# Best option for gameport?



## Ozric (Nov 27, 2021)

What is the best option for gameport on a FreeBSD system?
The two ways to go that I can see are either an old PCI sound card with gameport, or a USB-gameport converter.
I also have a PCI bracket with a gameport on it, that is on a cable that goes to a 16-pin header, but my motherboard does not have a header for that, unless there is some converter that allows the 16-pin header to be plugged into another header?

The reason I want a gameport is for using gamepads with old emulated games.


----------



## shkhln (Nov 27, 2021)

Where did you find an old gamepad (in a usable condition) in the first place?


----------



## Ozric (Nov 27, 2021)

shkhln said:


> Where did you find an old gamepad (in a usable condition) in the first place?


On Ebay, there are lots of them.


----------



## shkhln (Nov 27, 2021)

Well, there are probably tons of old motherboards there as well if you want to go that route.
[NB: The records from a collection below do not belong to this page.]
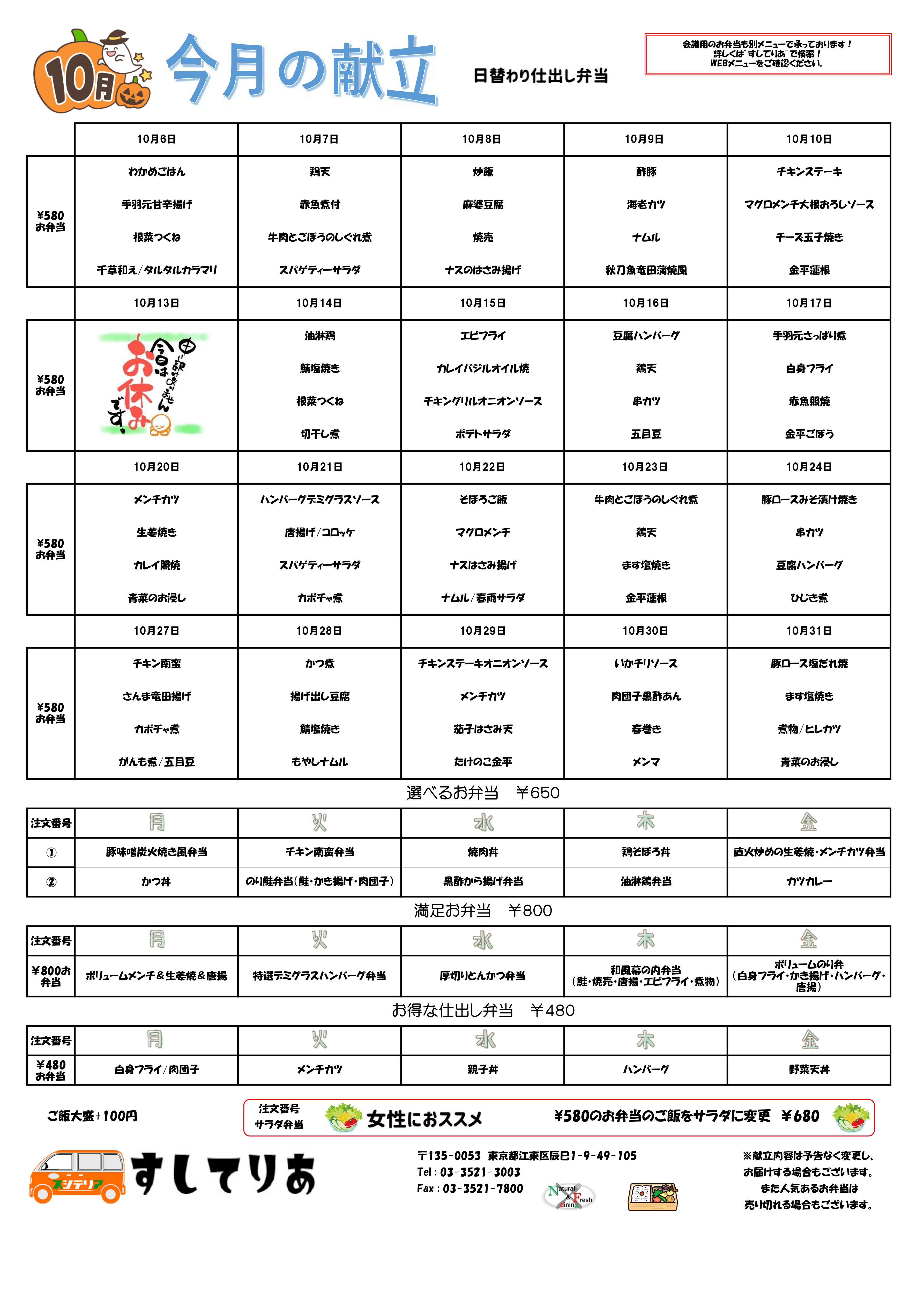2025年10月仕出し弁当メニュー表
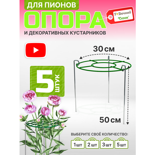 Опора для пионов сетка «Удачный Сезон», d=35 см, высота - 50 см (Набор 5 шт)
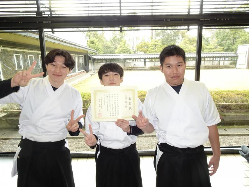 生憎の雨でしたが、結果高校生の部で杉山さん、中田くん、小林くんの3名が団体優勝、女子個人では2年生の西住さんが1位、杉山さんが2位、男子個人では中田くんが3位と好成績を残しました。
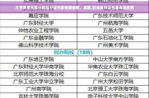 还有省级国家级比赛证书 多关注网上的一些活动,会有一些加分证书,我在网上考过环保知识和关于艾滋病的考试,及格就有证书可以加分。职业资格证书由人力资源社会保障部统一印制,鉴定实施部门(地方鉴定中心或行业、企业鉴定机构)盖章生效,可在人社部“国家职业资格证书全国联网查询”网页中查询(网址:zscx.osta.org.cn)。

Gameport is completely unsupported, not to mention emulators don't really care about old hardware (except maybe for really specialized one off peripherals coming with specific games).


----------



## shkhln (Nov 27, 2021)

On a further look, some sound card drivers (snd_uaudio) support MIDI input, which is the same thing afaik.  Still not sure what would you do with that.


----------